What to work on:
Below, locate the line that contains "目前在聚投诉年度榜单上马上消". Repeat exactly from that line to the line that contains "The green-yellow bird", inclusive, leaving out the pictures.

Exercise input:
'''

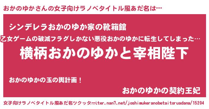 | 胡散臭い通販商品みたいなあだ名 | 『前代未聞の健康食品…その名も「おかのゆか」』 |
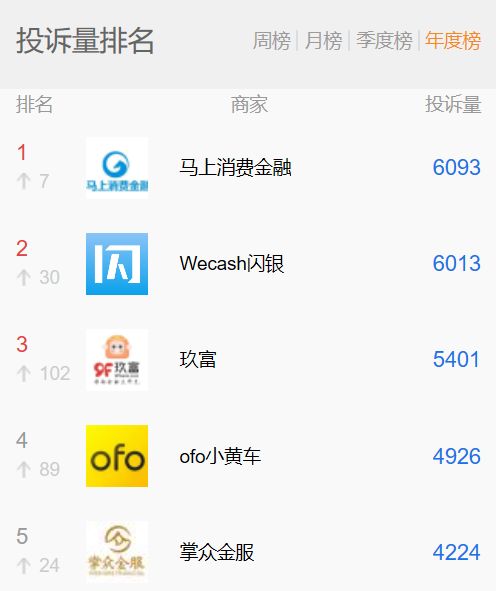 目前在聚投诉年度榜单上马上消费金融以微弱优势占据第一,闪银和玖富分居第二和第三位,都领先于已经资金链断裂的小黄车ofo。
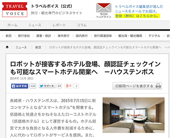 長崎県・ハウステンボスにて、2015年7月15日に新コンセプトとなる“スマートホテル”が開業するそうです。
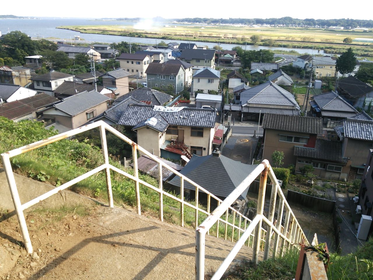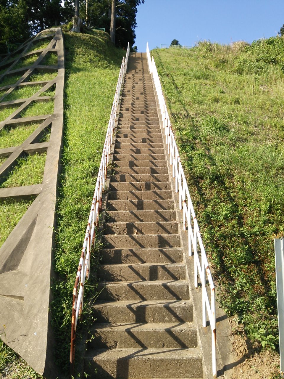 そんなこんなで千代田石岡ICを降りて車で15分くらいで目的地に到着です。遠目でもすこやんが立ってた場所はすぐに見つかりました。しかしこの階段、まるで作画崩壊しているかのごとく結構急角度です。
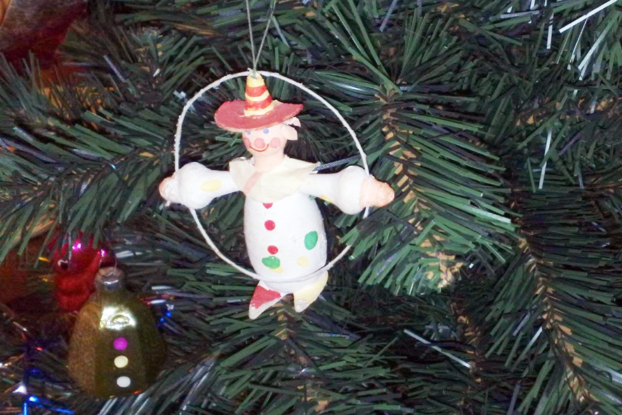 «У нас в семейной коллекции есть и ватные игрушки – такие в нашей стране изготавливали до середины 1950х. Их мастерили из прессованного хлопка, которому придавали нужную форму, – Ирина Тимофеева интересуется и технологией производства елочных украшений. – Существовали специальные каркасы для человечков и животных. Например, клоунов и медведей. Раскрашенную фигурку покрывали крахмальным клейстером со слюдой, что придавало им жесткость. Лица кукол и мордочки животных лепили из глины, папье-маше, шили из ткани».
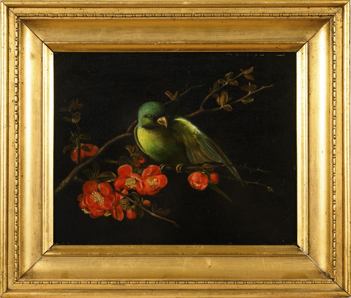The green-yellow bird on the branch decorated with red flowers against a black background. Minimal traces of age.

'''
'''

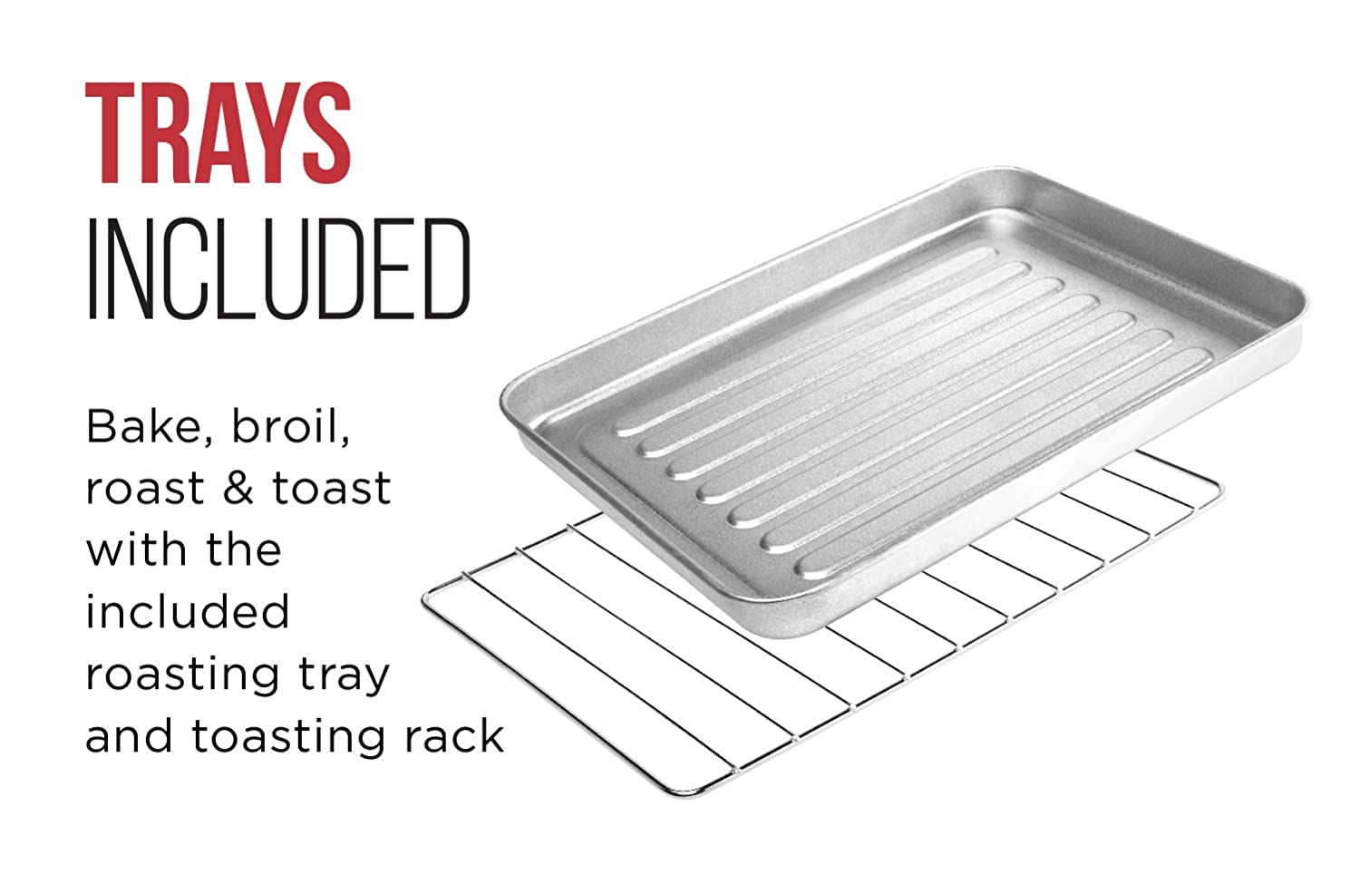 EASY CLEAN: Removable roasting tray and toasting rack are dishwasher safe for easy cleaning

'''

Answer below:
 目前在聚投诉年度榜单上马上消费金融以微弱优势占据第一,闪银和玖富分居第二和第三位,都领先于已经资金链断裂的小黄车ofo。
 長崎県・ハウステンボスにて、2015年7月15日に新コンセプトとなる“スマートホテル”が開業するそうです。
 そんなこんなで千代田石岡ICを降りて車で15分くらいで目的地に到着です。遠目でもすこやんが立ってた場所はすぐに見つかりました。しかしこの階段、まるで作画崩壊しているかのごとく結構急角度です。
 «У нас в семейной коллекции есть и ватные игрушки – такие в нашей стране изготавливали до середины 1950х. Их мастерили из прессованного хлопка, которому придавали нужную форму, – Ирина Тимофеева интересуется и технологией производства елочных украшений. – Существовали специальные каркасы для человечков и животных. Например, клоунов и медведей. Раскрашенную фигурку покрывали крахмальным клейстером со слюдой, что придавало им жесткость. Лица кукол и мордочки животных лепили из глины, папье-маше, шили из ткани».
The green-yellow bird on the branch decorated with red flowers against a black background. Minimal traces of age.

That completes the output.